Enum defining aggregation modes:
- `Sum`: Sum all tokens in each bucket
- `Avg`: Average all tokens in each bucket

## Performance Considerations

- **Buckets**: More buckets = better approximation but higher memory usage
- **Batch Size**: Use batch encoding for multiple vectors to leverage parallelism
- **Memory**: FDE vectors are `buckets * dim` in size
- **Precision**: `f32` is typically sufficient and faster than `f64`

## References

### Original Paper
- **MuVERA: Multi-Vector Retrieval via Fixed Dimensional Encodings**  
  Laxman Dhulipala, Jason Lee, Majid Hadian, Rajesh Jayaram, Vahab Mirrokni  
  [arXiv:2405.19504](https://arxiv.org/pdf/2405.19504)

### Google Research Blog
- **MuVERA: Making Multi-Vector Retrieval as Fast as Single-Vector Search**  
  [Google Research Blog](https://research.google/blog/muvera-making-multi-vector-retrieval-as-fast-as-single-vector-search/)

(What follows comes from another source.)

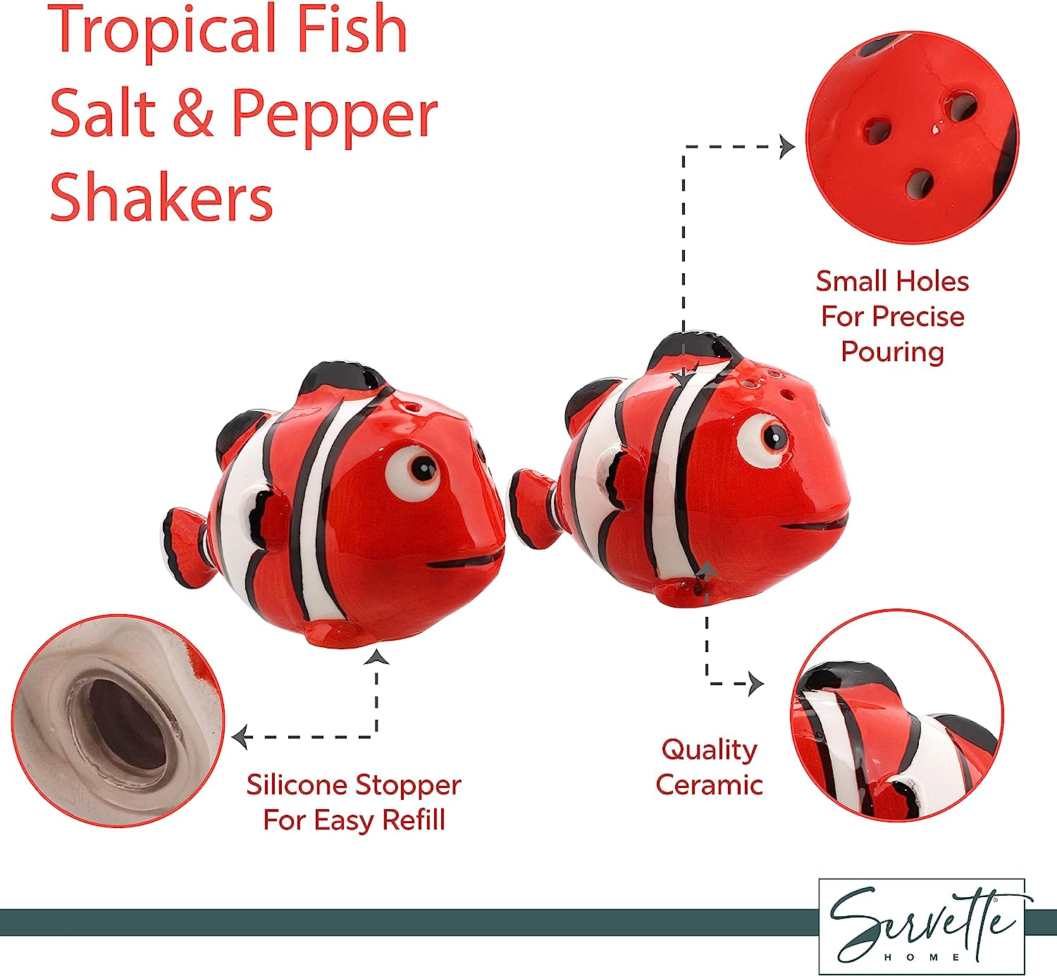 Regular price $14.99With the secure silicone cover on the bottom of the salt and pepper shaker, it is so easy to fill. Just remove the seal and pour your spices in! The salt and pepper shakers has perfect sized holes to pour easily. There are small holes evenly distributed on these ceramic salt and pepper shakers. You and your family can enjoy the pleasure of cooking. Our shakers are made to last. These glazed ceramic and kiln fired for a non-porous and stunning finish. Enjoy the details and beautiful colors. Gift these to friends and family ! The salt and pepper shakers are sure to make any kitchen pop! Add a little something to your table while enjoying your meal.

### Original Implementation
- **Google Graph Mining Repository**  
  [github.com/google/graph-mining/tree/main/sketching/point_cloud](https://github.com/google/graph-mining/tree/main/sketching/point_cloud)

## Future Work

### Planned Features

1. **Benchmark Suite**
   - Integration with BEIR datasets (MS MARCO, etc.)
   - Memory usage and compression analysis

2. **Advanced Features**
   - **Support BLAS**
   - **Product Quantization (PQ)**: 32x compression with minimal quality loss
   - **Final Projections**: Dimensionality reduction techniques
   

## License

This project is licensed under the MIT License - see the [LICENSE](LICENSE) file for details.